Remember ______, girl, blonde, one of my roommates the first year of ________?
Yeah we hooked up in the top bunk bed while simultaneously having a conversation with u, so yeah, I remember her
i'm three days dirty after drinking 14 hours last night and some other questionable behavior (hula hooping at a large concert, for example) i will just always bring the class. and the sluttiness.
Well that's not true. She had two social skills. She kept them in her bra
Tim hortons said i dont meet their criteria. What the fuck criteria is that? You put bagels in an oven.
Somebody was walking their dog with their car. seriously
Dont have access to internet. masturbating to shake weight commercial.
Oh, I forgot to ask if u have any idea what happened to the back of my ear and if u were present when I almost fell off the roof...
My masturbation fantasy just had a wedding theme. I need new hobbies.

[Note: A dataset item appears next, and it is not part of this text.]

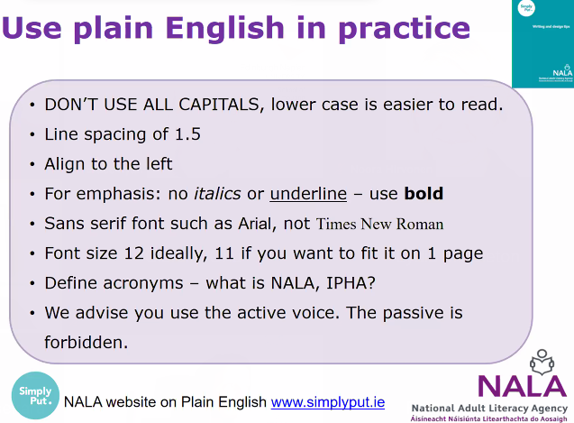 Based on such findings, NALA has been lobbying with some success, in that Ireland’s health service executive is taking on relevant objectives.
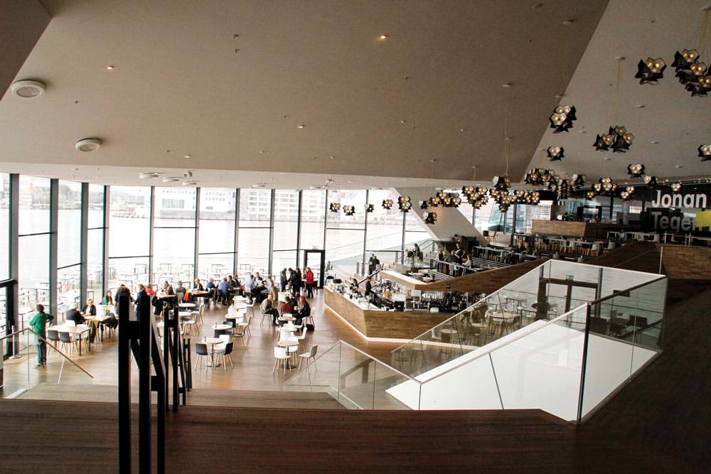 Thiết kế nội thất liên kết không gian nhà hàngdẫn đến khu trưng bày, triển lãm với không gian phía ngoài sát bờ sông nhờ tường kính trong suốt.

It's like, "you literally have no idea who i am but i definitely slept with your brother in your bed."
You don't understand. There's baclava and there's post sex baclava. You can't compare the two.
I have a sixth sense for large penises and lack of morals
this is a save-me-from-tijuana-tequila-and-hoookers booty call. if i don't hear from you by 8pm i'm grabbing my passport
if i'm not back tomorrow call the embassy
Is it rude to send him a, "happy birthday, I hope you finally get an STD" text?
He's the douchy one who wouldn't let me rip his shirt off, right?
Other than the whole stab wound in my leg thing, today was pretty good. The nurses all loved me and gave me a sandwich and juice.